- Supplied records -
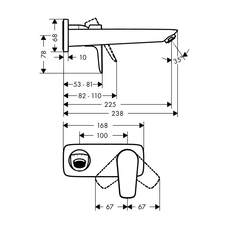 • Mitigeur de lavabo encastré mural bec 225mm Talis E, Chrome
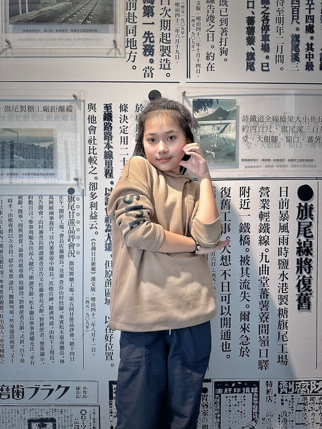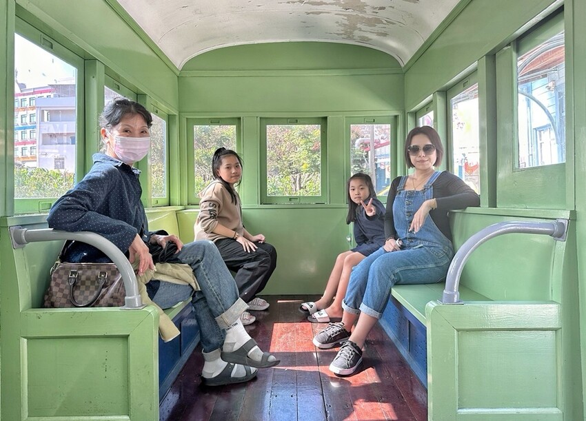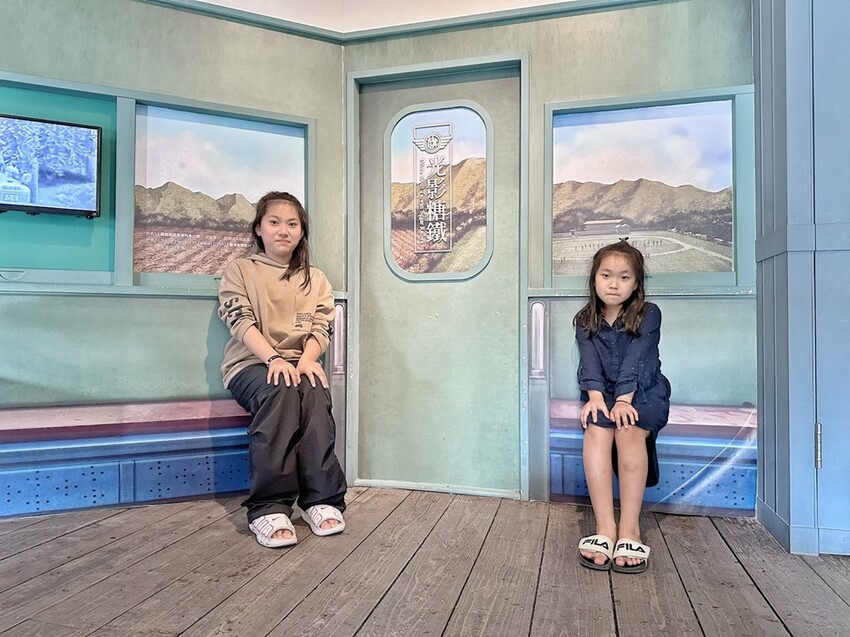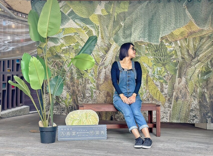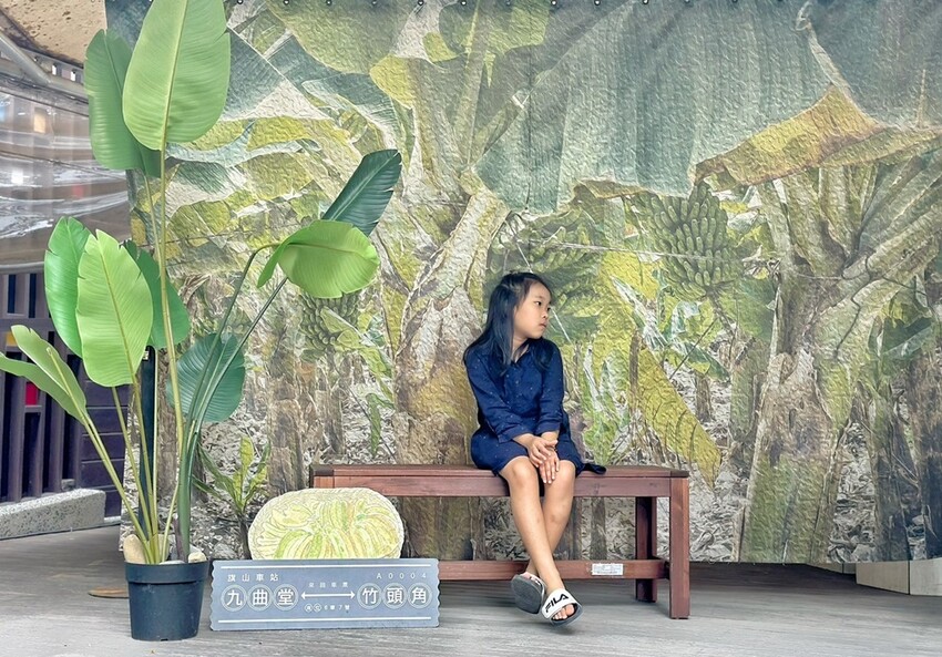 園區最角落則是車長體驗,大人小孩的車長服都有喔!但我們就單純坐在板凳上拍照,布景可是旗山有名的香蕉。
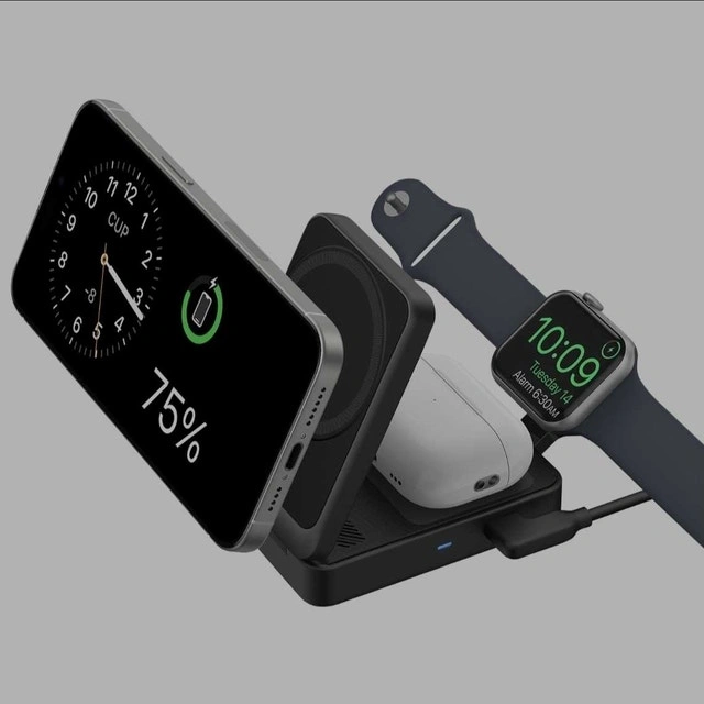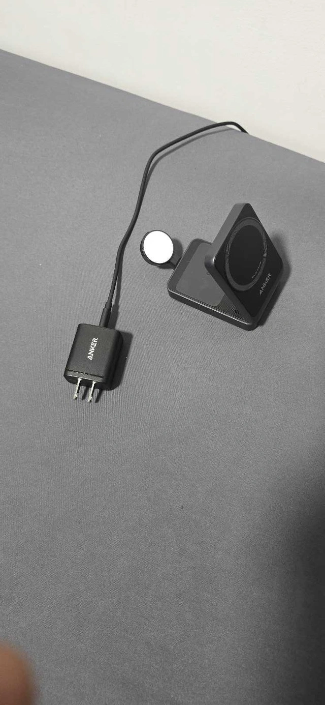 Selling an Anker Qi2 MagGo 3-in-1 15W Wireless Charging Station in excellent condition. This charging station allows you to charge your iPhone, Apple Watch, and AirPods simultaneously.
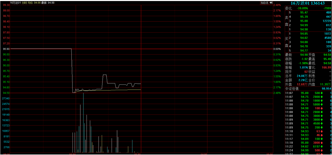 事实上,不止是16万达01债大幅跳水,15万达01债(122446)早盘价格一度跌逾2.3%,15万达02债(122467)早盘跌2.43%。
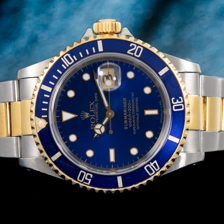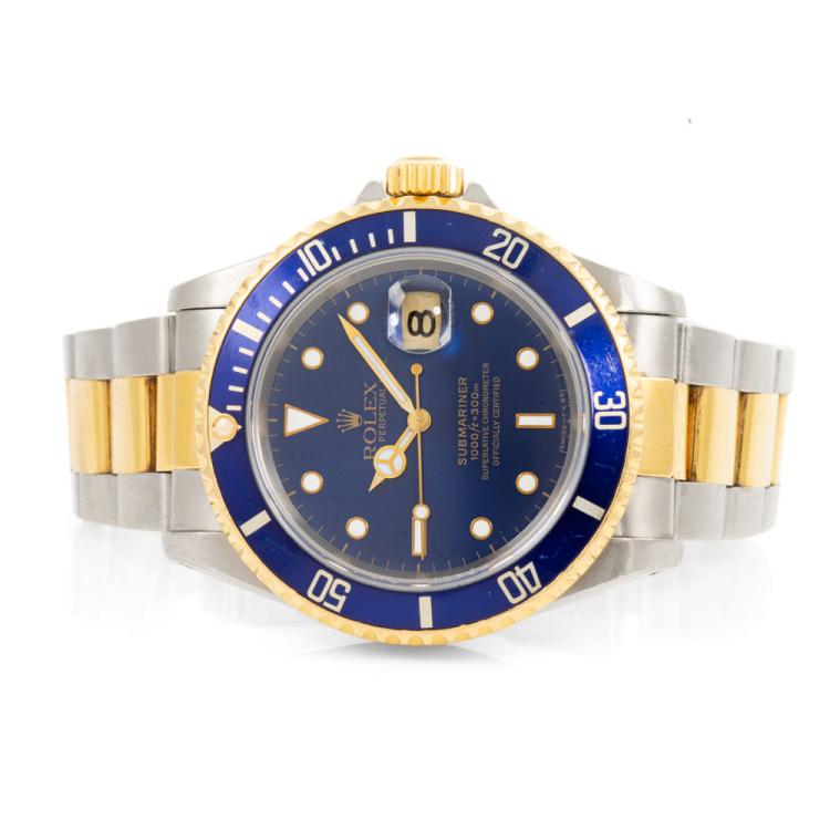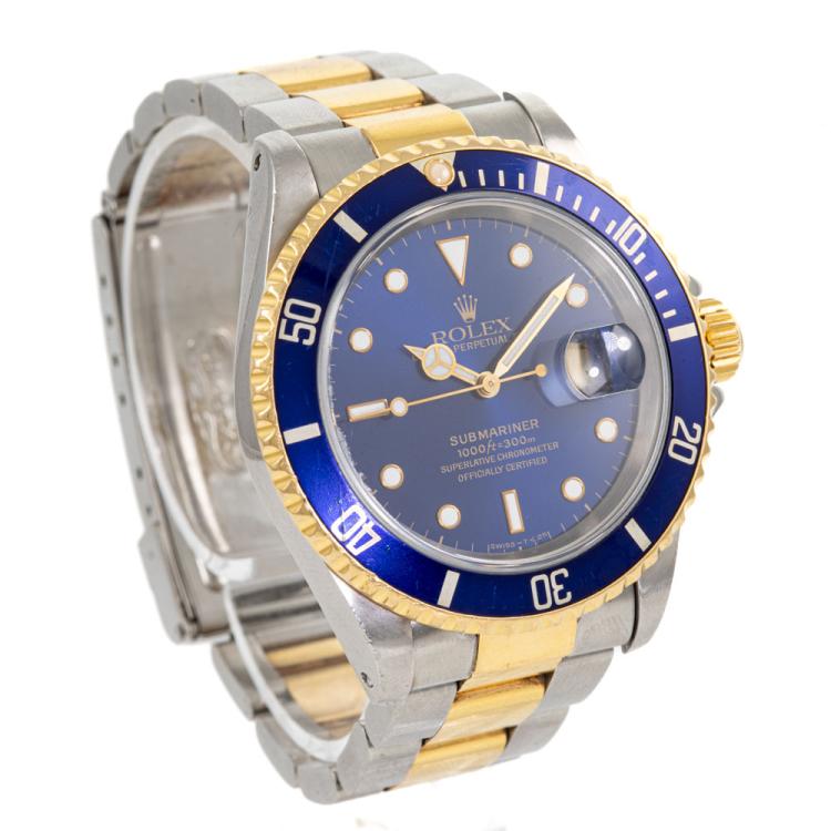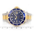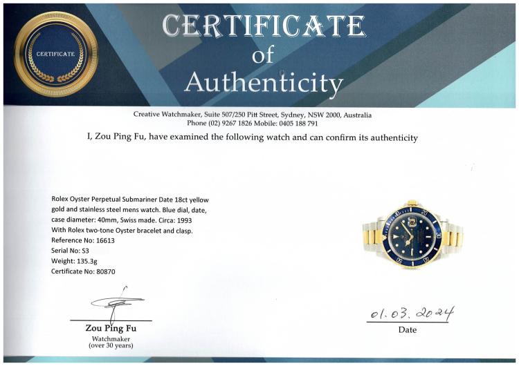 Rolex Oyster Perpetual Submariner Date 18ct yellow gold and stainless steel mens watch. Blue dial, date, case diameter: 40mm, wrist size: 17.5cm, Swiss made. Ref# 16613. Circa: 1993. With Rolex two-tone Oyster bracelet and clasp. With Certificate of Authenticity and Rolex box. 3 month FSA warranty (Pre-owned)

- Task statement -
Could you write out the records exactly while omitting every picture?

- Response area -
 • Mitigeur de lavabo encastré mural bec 225mm Talis E, Chrome
 園區最角落則是車長體驗,大人小孩的車長服都有喔!但我們就單純坐在板凳上拍照,布景可是旗山有名的香蕉。
 Selling an Anker Qi2 MagGo 3-in-1 15W Wireless Charging Station in excellent condition. This charging station allows you to charge your iPhone, Apple Watch, and AirPods simultaneously.
 事实上,不止是16万达01债大幅跳水,15万达01债(122446)早盘价格一度跌逾2.3%,15万达02债(122467)早盘跌2.43%。
 Rolex Oyster Perpetual Submariner Date 18ct yellow gold and stainless steel mens watch. Blue dial, date, case diameter: 40mm, wrist size: 17.5cm, Swiss made. Ref# 16613. Circa: 1993. With Rolex two-tone Oyster bracelet and clasp. With Certificate of Authenticity and Rolex box. 3 month FSA warranty (Pre-owned)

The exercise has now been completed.